Teilhabe statt Ausgrenzung

Ali Baş zu Reaktionen auf das Türkei-Referendum

Die türkischen Wähler*innen haben sich mit knapper Mehrheit für eine Verfassungsreform entschieden, die dem Staatspräsidenten Erdogan deutlich mehr Macht einräumt und die Demokratie weiter aushöhlt. Gerade das Abstimmungsverhalten der teilnehmenden Wähler*innen in Deutschland und die Konsequenzen sorgen für Debatten. Die Antwort liegt jedoch nicht in einer Debatte über den Doppelpass und Ausgrenzungsrhetorik. Stattdessen müssen wir mehr Teilhabe- und Beteiligungsmöglichkeiten schaffen.

Das knappe Ergebnis des türkischen Verfassungsreferendums bewegt derzeit viele Menschen. Rund die Hälfte der Wähler*innen in der Türkei stimmte trotz starkem Drucks und medialer Dauerpräsenz des „Ja“-Lagers gegen den Plan Erdogans, das Land künftig alleine zu regieren und dabei parlamentarische Demokratie und Rechtsstaat abzuwickeln. Diese mutige Entscheidung verdient Respekt und zeigt, dass die demokratisch orientierten Kräfte in der Türkei eine große Gruppe sind, die wir als Demokrat*innen auch künftig stärken müssen.
Türk*innen fühlen sich nicht akzeptiert und idealisieren die Türkei
In Deutschland haben rund 46 Prozent und damit rund 644.000 Menschen an der Abstimmung über das Referendum teilgenommen. 63 Prozent von ihnen stimmten der umstrittenen Verfassungsreform zu.
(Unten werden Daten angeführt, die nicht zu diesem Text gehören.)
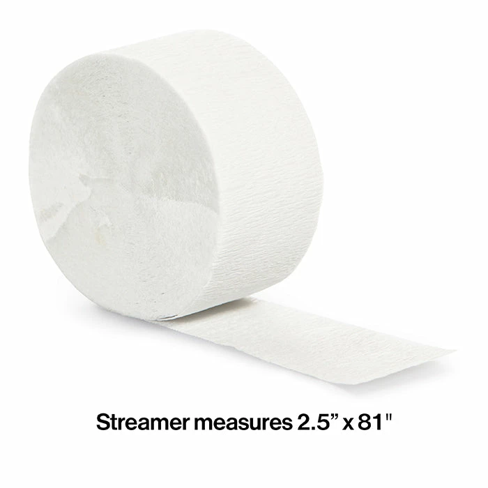 Details: Streamers are an inexpensive and simple way to provide a festive accent to the decoration at bridal showers, baby showers, birthday celebrations, and more. The 81 foot length of crepe paper streamer can be used to create eye catching displays on tables, over windows, around doorways, and along banisters. All that is required is scotch tape and creativity. An added bonus is that streamers can simply be disposed of at the end of the festivities. White Streamers are sold at a discount price. You get one White Crepe Streamers 81′ for this price. Approximate Dimensions: 81 ft x 1.75 in

Das ist unverständlich und bitter. Viele von ihnen wollten mit ihrer Stimme in erster Linie offenbar ihre Zustimmung für Erdogan bekunden, statt die gravierenden Folgen für Demokratie und Rechtsstaat zu bedenken.
Der Dortmunder Sozialforscher Prof. Dr. Ahmet Toprak macht für dieses Verhalten unter anderem  den sozialen Status und ein Gefühl des Nicht-Akzeptiertseins vieler Türkeistämmiger in Deutschland aus. Sie könnten mögliche Ursachen für eine kritiklose Hinwendung zu einer idealisierten Türkei und ihrem Präsidenten sein.
Einbürgerung und Teilhabe statt populistischer Doppelpass-Debatte
Hier muss Integrationspolitik ansetzen, etwa mit einem modernen Einbürgerungsrecht, verstärkter politischer Teilhabe, aber auch intensiverer Einbeziehung politischer Bildung. Präventionsprojekte sowie Maßnahmen gegen Diskriminierung gehören seit jeher zur Agenda Grüner Integrationspolitik und müssen das auch in Zukunft tun. Letztlich brauchen wir ein inklusives, gesellschaftliches Narrativ, welches Offenheit und Vielfalt als Chance begreift und nicht ausgrenzt.
Union und FDP laufen stattdessen dem rechten Populismus hinterher. Sie bieten keine Lösungen, sondern schüren Ressentiments. Die angeheizte Diskussion um den Doppelpass und das kommunale Wahlrecht für Nicht-EU-Bürger*innen ist da symptomatisch.